The gpt-realtime model also delivers significant improvements over its predecessor, gpt-realtime-preview, in instruction following, tool use, and generating speech that sounds more human-like.

“Natural-sounding conversation is critical for deploying voice agents in the real world,” OpenAI said in a blog post. “Models need to speak with the intonation, emotion, and pace of a human to create an enjoyable experience and encourage continuous conversation with users.”

Realtime API’s new features include allowing users call an AI with their phone

Four new features have been added to the Realtime API: support for Model Context Protocol (MCP) servers, image inputs, phone calling through Session Initiation Protocol (SIP), and reusable prompts.

The API allows a session to connect to a remote MCP server, a plug-in that provides extra tools or skills, by passing its URL into the configuration. Once connected, any tools from that server become available right away without manual integration.

Images, photos, and screenshots can now be sent to a Realtime API session alongside audio or text. This enables the model to understand and respond based on what is visually shown, such as reading text in a screenshot or describing the contents of a picture.

The Realtime API’s SIP support lets it connect directly with phone networks, PBX systems, and desk phones, allowing users to have a real-time phone conversation with the AI. It also lets users save and reuse prompts across sessions.

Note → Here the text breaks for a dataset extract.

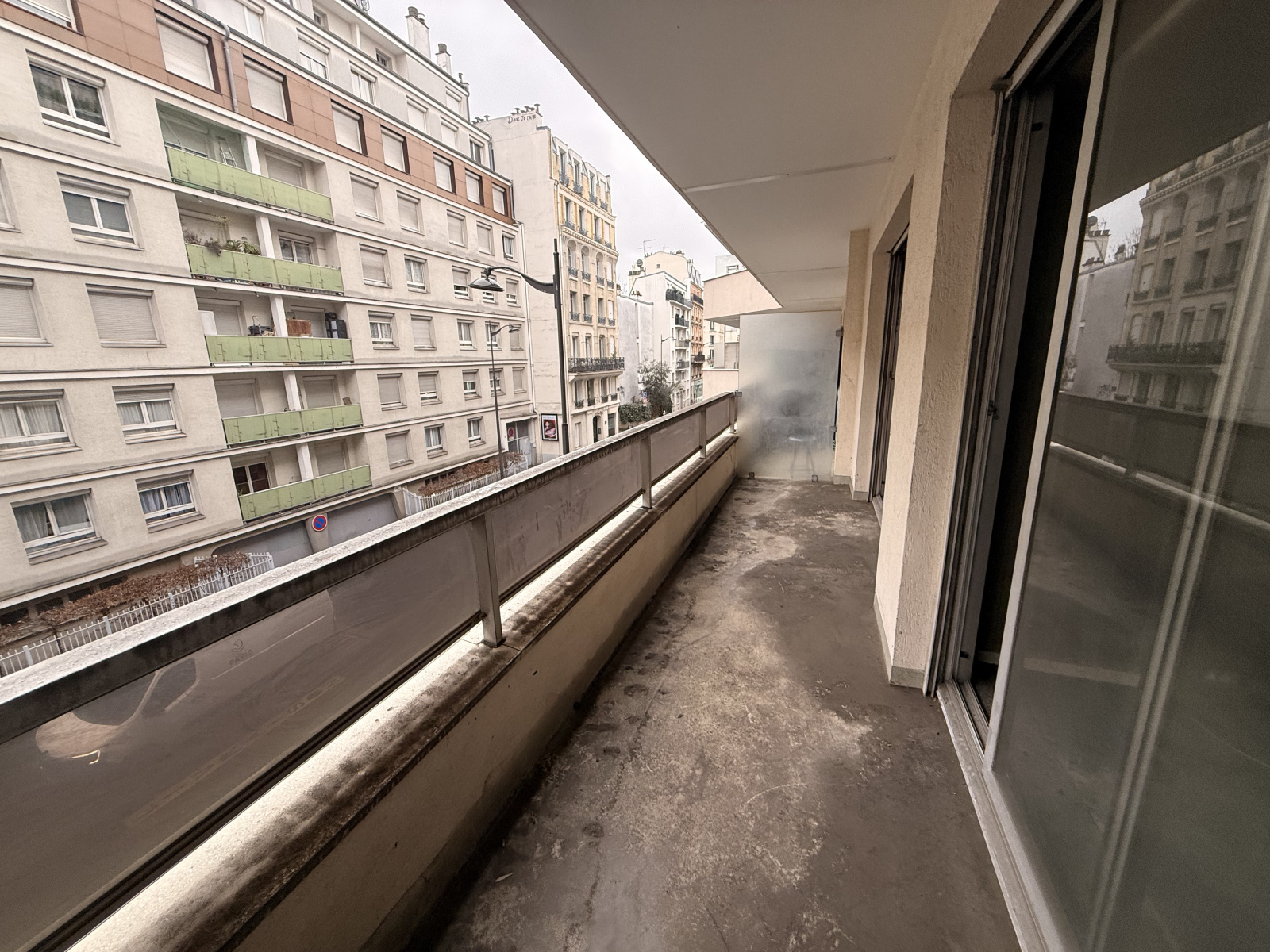 Rue Stephenson (Paris 18e), au 2ᵉ étage avec ascenseur, découvrez cet appartement familial de 68,74 m² Loi Carrez, traversant Est/Ouest (Est sur rue, Ouest sur cour) et bénéficiant de deux balcons (7,9m2 et 4,67).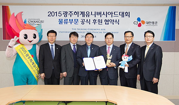 Representatives from the Gwangju 2015 Universiade Organizing Committee and CJ Korea Express sign a partnership agreement on March 18

gpt-realtime can sense laughter, change its tone from direct to warm, and much more

OpenAI says that gpt-realtime is its most advanced speech-to-speech model yet, with improvements in audio quality, intelligence, instruction following, and function calling.

The model has been trained to produce higher-quality speech and can respond to prompts asking it to alter its sound, such as “speak quickly and professionally” or “speak empathetically in a French accent.” Accuracy on the MultiChallenge benchmark, which measures performance in multi-turn conversations, has improved by 10.1% compared to the December 2024 release.

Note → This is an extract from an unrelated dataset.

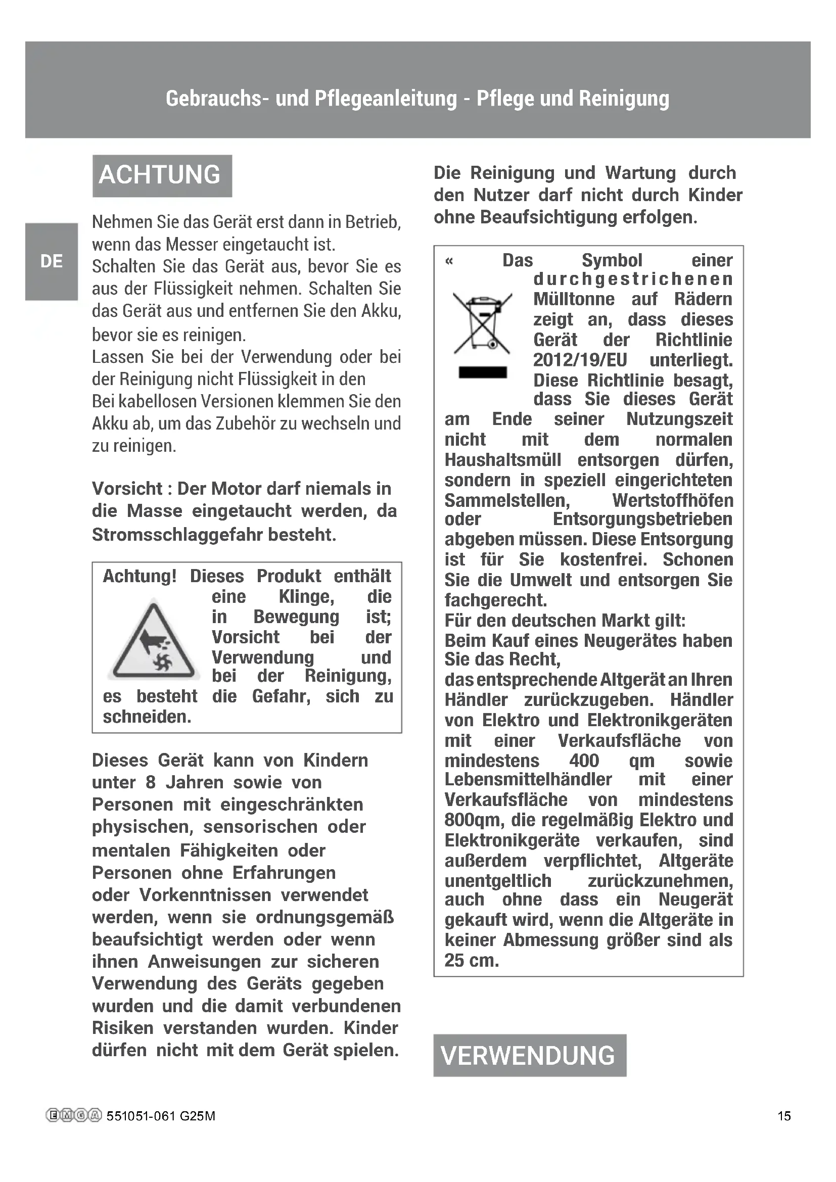 Nehmen Sie das Gerät erst dann in Betrieb, wenn das Messer eingetaucht ist. Schalten Sie das Gerät aus, bevor Sie es aus der Flüssigkeit nehmen. Schalten Sie das Gerät aus und entfernen Sie den Akku, bevor sie es reinigen. Lassen Sie bei der Verwendung oder bei der Reinigung nicht Flüssigkeit in den Bei kabellosen Versionen klemmen Sie den Akku ab, um das Zubehör zu wechseln und zu reinigen. Vorsicht : Der Motor darf niemals in die Masse eingetaucht werden, da Stromsschlaggefahr besteht. Achtung! Dieses Produkt enthält eine Klinge, die in Bewegung ist; Vorsicht bei der Verwendung und bei der Reinigung, es besteht die Gefahr, sich zu schneiden. Dieses Gerät kann von Kindern unter 8 Jahren sowie von Personen mit eingeschränkten physischen, sensorischen oder mentalen Fähigkeiten oder Personen ohne Erfahrungen oder Vorkenntnissen verwendet werden, wenn sie ordnungsgemäß beaufsichtigt werden oder wenn ihnen Anweisungen zur sicheren Verwendung des Geräts gegeben wurden und die damit verbundenen Risiken verstanden wurden. Kinder dürfen nicht mit dem Gerät spielen. Die Reinigung und Wartung durch den Nutzer darf nicht durch Kinder ohne Beaufsichtigung erfolgen. « Das Symbol einer durchgestrichenen Mülltonne auf Rädern zeigt an, dass dieses Gerät der Richtlinie 2012/19/EU unterliegt. Diese Richtlinie besagt, dass Sie dieses Gerät am Ende seiner Nutzungszeit nicht mit dem normalen Haushaltsmüll entsorgen dürfen, sondern in speziell eingerichteten Sammelstellen, Wertstoffhöfen oder Entsorgungsbetrieben abgeben müssen. Diese Entsorgung ist für Sie kostenfrei. Schonen Sie die Umwelt und entsorgen Sie fachgerecht. Für den deutschen Markt gilt: Beim Kauf eines Neugerätes haben Sie das Recht, das entsprechende Altgerät an Ihren Händler zurückzugeben. Händler von Elektro und Elektronikgeräten mit einer Verkaufsäche von mindestens 400 qm sowie Lebensmittelhändler mit einer Verkaufsäche von mindestens 800qm, die regelmäßig Elektro und Elektronikgeräte verkaufen, sind außerdem verpichtet, Altgeräte unentgeltlich zurückzunehmen, auch ohne dass ein Neugerät gekauft wird, wenn die Altgeräte in keiner Abmessung größer sind als 25 cm. VERWENDUNG Gebrauchs- und Pflegeanleitung - Pflege und Reinigung

gpt-realtime also responds more intelligently to voice commands, picking up non-verbal cues like laughter, switching languages mid-sentence, adapting its tone to the context of the conversation, and detecting alphanumeric sequences in different languages. The update has boosted its score on the Big Bench Audio benchmark, which assesses the reasoning capabilities of language models that support audio input, by 17.2%.

Stronger adherence to instructions and improved function calling

OpenAI has improved gpt-realtime’s adherence to its master prompts so that even subtle instructions are more reliably followed throughout a conversation. This ability is measured by the MultiChallenge audio benchmark, which rose by 9.9%.

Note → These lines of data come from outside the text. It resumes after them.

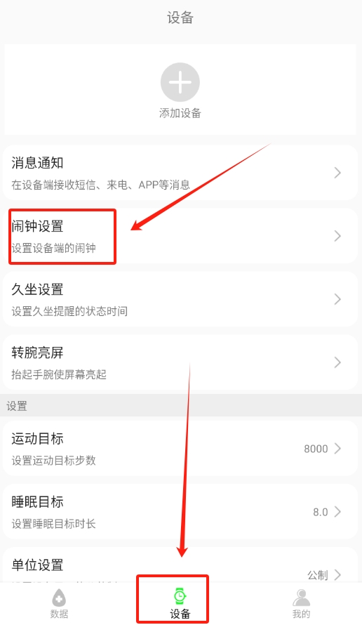 1、 把 lifeai软件安装好,顺利打开后,在主界面找到 “设备” 板块,点进去就能看到闹钟设置入口。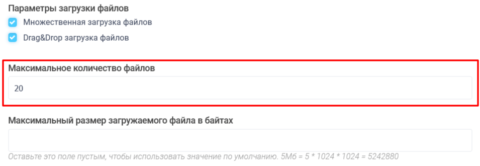 Також ви можете налаштувати і максимальну кількість файлів, яку можна завантажити в форму. Для цього в налаштуваннях елемента форми "Файл" з'явилося окреме поле: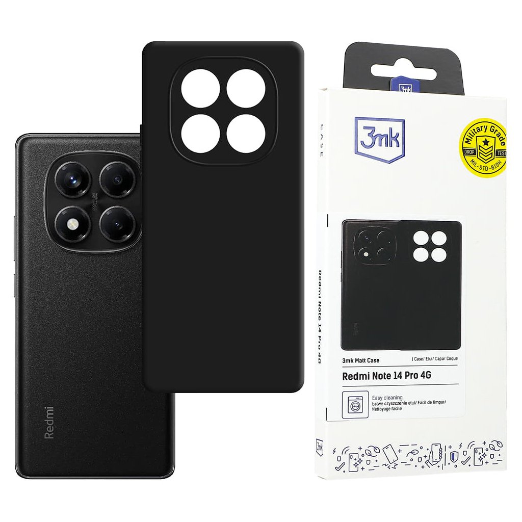 3mk Matt Case pre Xiaomi Redmi Note 14 Pro 4G: Elegantná ochrana v čiernej farbe

Finally, gpt-realtime’s function calling has been enhanced so that the tools it selects are more relevant, invoked at more appropriate times, and supplied with more accurate data. It is also better at asynchronous function calling⁠, meaning that it can continue a fluid conversation while waiting on the results of a function call.

All eight of the model’s existing voices will be equipped with these updates, as well as two new ones named Cedar and Marin.

Pricing details and availability

Both the generally available Realtime API and the gpt-realtime model are now live. Pricing for gpt-realtime is structured as follows:

$32 per million audio input tokens

$0.40 per million cached input tokens

$64 per million audio output tokens

Developers can also set token limits and truncate multiple turns at once to reduce the cost of longer sessions.